The Narendra Modi government has trashed Chinese automaker BYD’s proposal to set up a $1 billion manufacturing plant in India, reported Economic Times on Saturday.
The Chinese EV giant had earlier submitted a proposal to build EVs as well as electric batteries in India in partnership with an Indian EV company Megha Engineering and Infrastructure Ltd.
The Chinese plan to manufacture EVs and batteries in India encountered “security concerns”, the report said. The company had initially planned to manufacture 15,000 electric cars in India annually.
“Security concerns with respect to Chinese investments in India were flagged during the deliberations,” an Indian official was quoted as saying by the Economic Times. Another official cited ‘existing guidelines’ to claim that such Chinese investments were not possible.
BYD’s presence in India
Times Now reports BYD already has a significant presence in the Indian automobile market. In 2023, it aims to sell at least 15,000 units of EVs. Furthermore, it also revealed its plans to expand its distribution network in India and upgrade manufacturing capacity.
However, those plans seemingly stand dashed now as New Delhi seems adamant about keeping Chinese players away from India’s major sectors, including telecom, automobile and cyberspace.
The report says BYD currently has a manufacturing facility operational in India’s southern state of Tamil Nadu, with a production capacity of 10,000 units per year.

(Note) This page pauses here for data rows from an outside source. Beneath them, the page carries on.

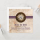 This Antique Clock Save the Date Announcement features a vintage timepiece prominently centred on top of a metal ball chain and sleek purple striped border. The distressed look of the grungy paper texture background completes the antiqued feel of this unique design. This offbeat save the date invitation is perfect for announcing your vintage or steampunk inspired wedding. Easy to customise, simply add your wedding details in the spaces provided. Click on "Customise It" to find additional options to personalise this design.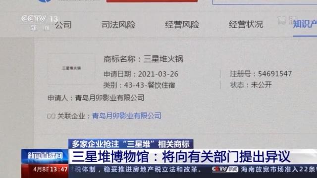 四川省廣漢三星堆博物館景區管理委員會產業發展部部長 任韌:很多商標我們覺得實際上跟三星堆不搭邊,如果被別的企業或者個人利用了這個名字,生產或者銷售一些和三星堆文化不相關的,甚至影響三星堆文化高度的一些產品的話,我們也是不愿意看到的。我們對之前被搶注的一些商標,已經開展了一些采取異議申請、無效宣告、撤銷申請等商標保護的措施。最近這幾天出現了這個情況,我們現在也正在了解收集,(準備)在公示階段提出異議申請,但這個確實對我們來說會耗費大量精力和財力。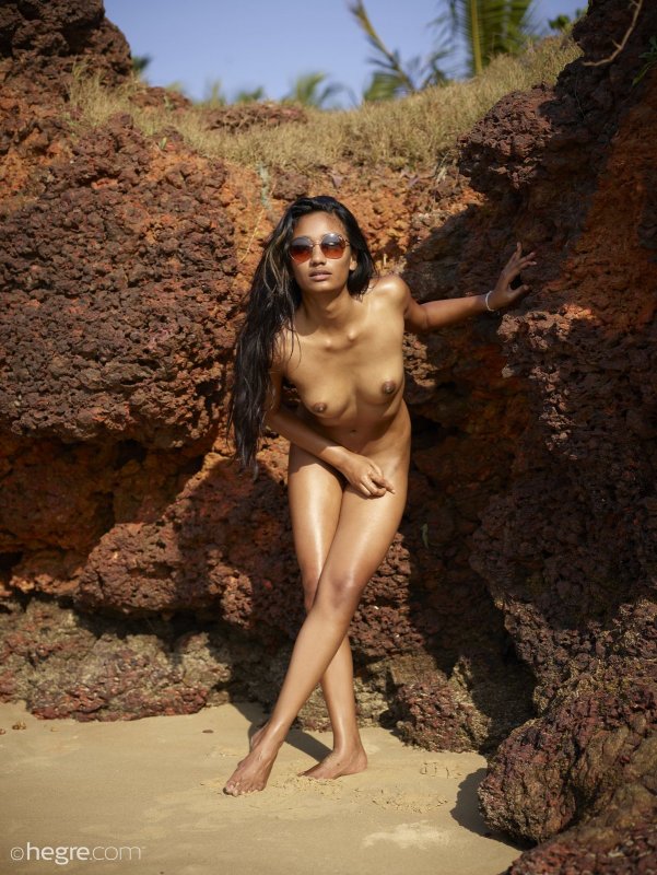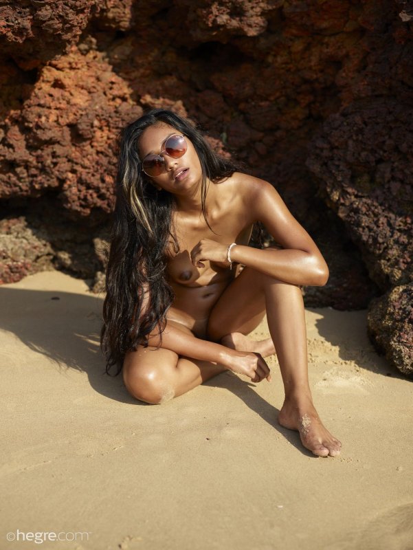 Выбрав самое укромное и тихое место на пляже, смуглая девица в очках начинает эротично позировать и показывать сексуальное голое тело с натуральными сиськами и возбужденными сосочками. А в тот момент когда стройная девушка улеглась на песок, она сразу же раздвинула промежность и засветила бритую письку с немного грязными половыми губками.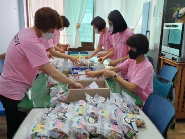 가족생활 행복건강 꾸러미를 만드는데 김천시청 가족행복과 직원뿐만 아니라 지역사회의 봉사단체인 자두꽃봉사회(회장 박경자)에서도 함께 참여하여, 아이들의 밝은 웃음을 기대하며 꾸러미를 하나하나 정성스럽게 만드는데 힘을 보탰다.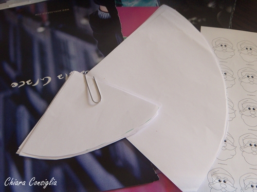 Sui coni piccoli ho incollato e stelline, su quelli grandi le faccine di Babbo Natale.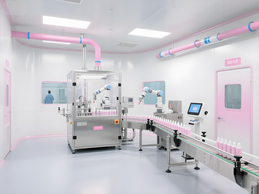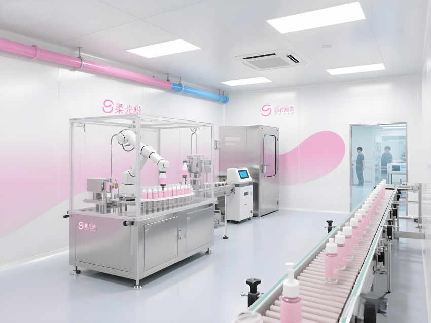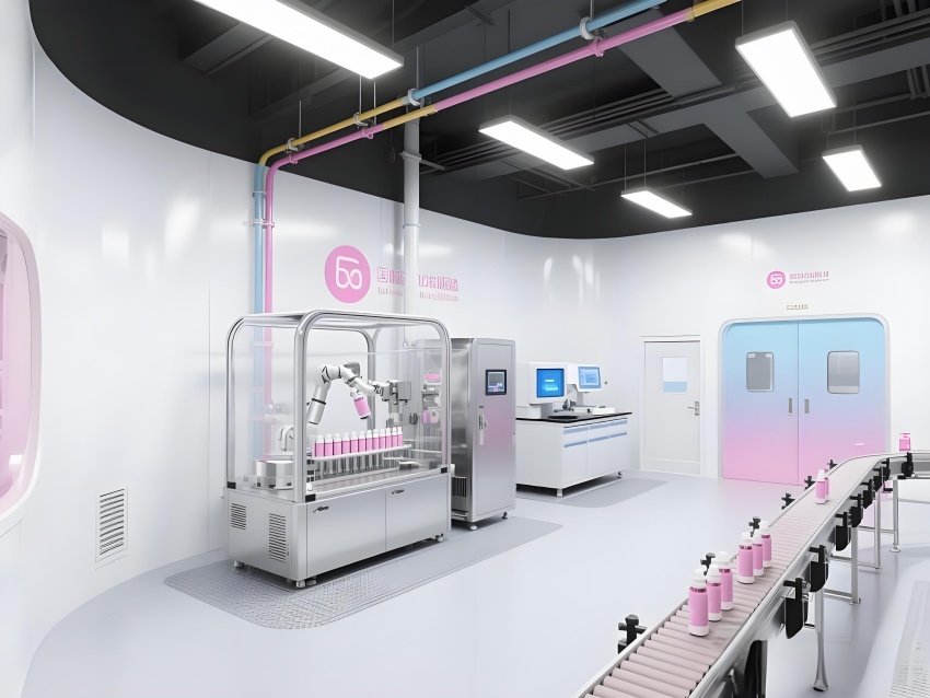 本車間以“科技感純凈美學”為設(shè)計語言,將化妝品行業(yè)的精致基因融入工業(yè)空間。純白主色調(diào)搭配品牌標志性的柔光粉點綴,墻面圓弧過渡的彩鋼板與地面淺灰導靜電地板構(gòu)成潔凈基底。核心灌裝區(qū)透明層流罩內(nèi),機械臂精準抓取瓶體灌裝,冷銀色設(shè)備與粉色功能標識形成視覺對比。頂棚均勻分布的LED平板燈在乳化區(qū)投下無影光效,原料輸送管道通過色環(huán)編碼清晰區(qū)分。質(zhì)檢實驗室的藍光檢測儀與包裝區(qū)高速傳送帶上的產(chǎn)品流,共同構(gòu)建高效生產(chǎn)韻律。人員通道的智能風淋室采用漸變色玻璃,科技感與人性化并存。整體空間通過嚴格的功能分區(qū)與柔和的色彩管理,打造符合國際標準的化妝品智造殿堂。

India rolls out the red carpet for Tesla
The move comes amid ongoing discussions between the Indian government and US billionaire Elon Musk-owned Tesla for setting up a factory in the world’s most populous country.
Watch: Tesla’s pricing strategy backfires?
“Tesla has come to us with an ambitious plan, and we are confident that the movement will be positive this time around, especially as it involves both local manufacturing and exports,” a Times of India report quoted an Indian official as saying.
India’s measures to stymie investments from China
India brought a policy in 2020 post Chinese hostilities in the Himalayas which effectively put restrictions on Foreign Direct Investments originating from China.
India mandated prior approval for investments from nations that share land borders with India, a policy touted as anti-China by experts.
In May this year, the Indian government introduced plans to crack down on Chinese companies seeking to bypass this rule using shell companies and availing subsidies that are generally denied to Chinese companies.